Portability and data sharing is an important feature of research. So after some analysis the data can be written to disk with `write_profiling_data` and loaded back with `load_profiling_data` functions. These save the data as an .Rdata object and they usually are <100MB per library which makes them easy to share over dropbox or other file sharing systems.

## Other features

There are many normalization and display options in each function. You can see the function documentation for details. For this intial iteration I left the entire R code in the package documentation for other people to see easily.

All the calculations we did above used the entire gene set. We can just as easily re-run these calculations with any subset of genedf. For example if one wants to compare substrates of one pathway to the rest of the transcriptome we can just re-run the code twice and compare the resulting data.frames.

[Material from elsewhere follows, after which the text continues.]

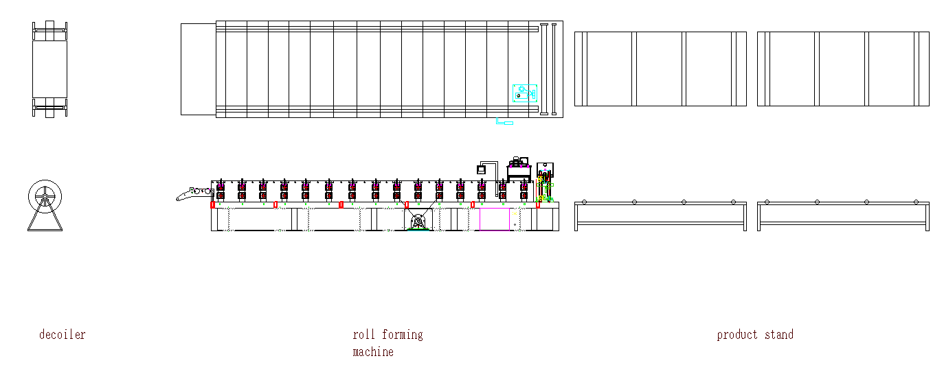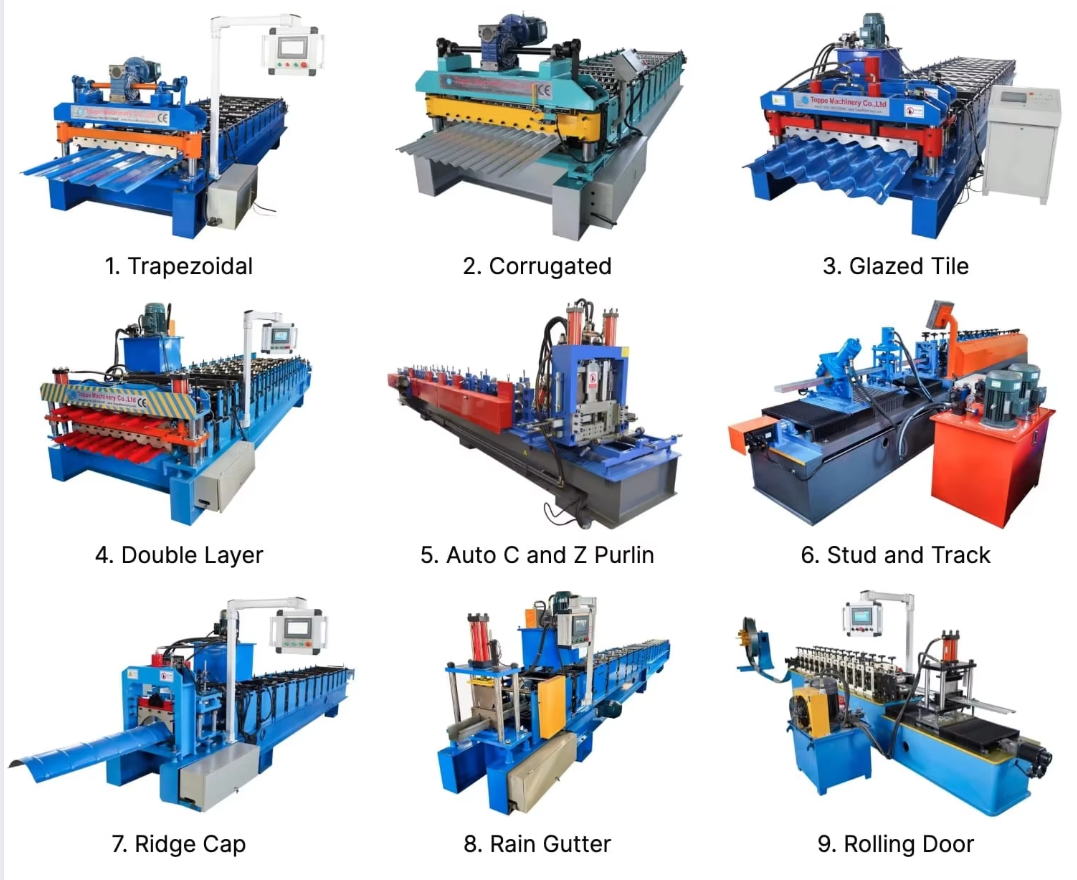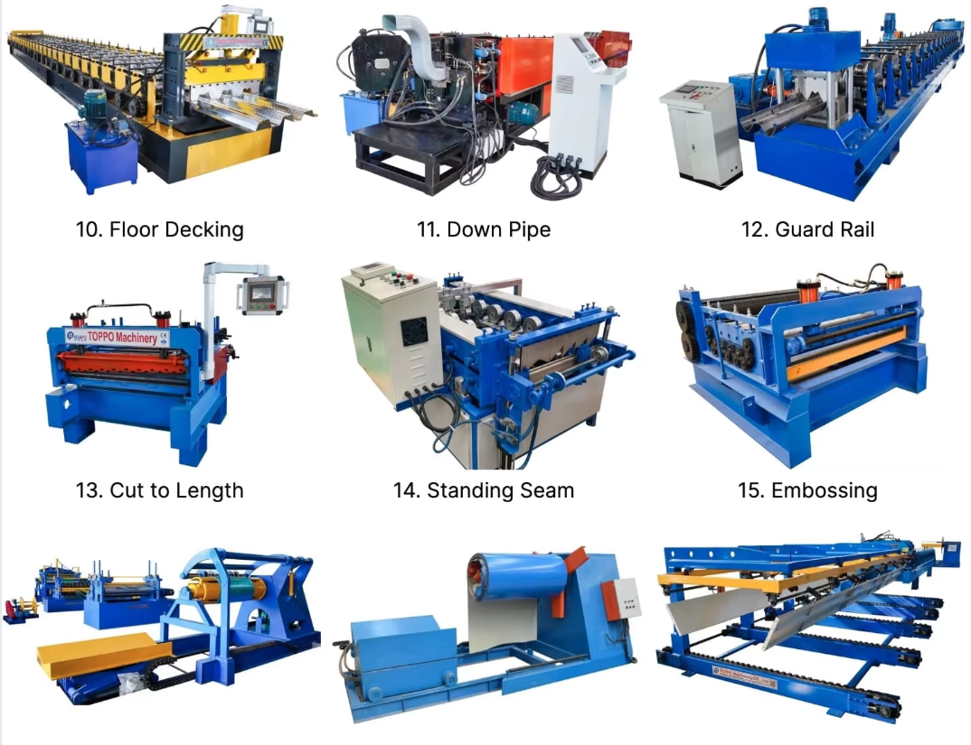 Roofing system roll forming machine is used in an extensive range of metal sheet profiles. It includes trapezoidal panel, corrugated panel, roof tile panel, step tile, glazed tiles, metal deck panel, standing seam panel, K span panel and ridge cap. Its products are widely used in roof and wall system in workshop construction and housing construction.

We can also change the start and end coordinates of the genedf to focus on specific areas of specific genes. I tried to make the requirements for data analysis as little as possible so complicated comparisons can be done with little preparation.

Almost all the functions in the package invisibly return a data.frame (except for `read_profiling_data` and `select_read_lengths`) so the end user can perform more complicated analyses if desired.

While .bam files can be several GB in size the processing done by `read_profiling_data` condenses the data and removes a lot of redundancies. After initial processing the size of the Rlist that is produced is usually around 150MB. This allows the user to be able to load many experiments simultaneously and do rapid processing without needing to worry about running out of RAM.

Most of the functions in the package also contain a cores argument. For operating systems that allow forking (iOS, Linux) the calculations are passed to mclappy (instead of lapply) and uses user specified number of threads I opted against using detectCores not to violate any job scheduling system settings and if one is doing the calculations on a virtual machine the detectCores function may return `NA`. To enable forking the user needs to set the cores argument >1. Currently there is no windows multicore processing because when a PSOCK cluster is initialized in R all the necessary files would also be available in that cluster. Currently there is no check for whether the operating system is suitable for forking so it is up to the user to make sure.

### In the future

For this to package to be bioconductor compatible I need also to implement S4 methods or at the very least convert the initial Rlist that is the output of `read_profiling_data` to be an S4 object.

Finally I would like to be able to use the posterior alignment probabilities generated by [RSEM's](https://deweylab.github.io/RSEM/) expectation maximization protocol for reads that map to multiple locations.

Please let me know if you have other suggestions and detect any bugs or errors.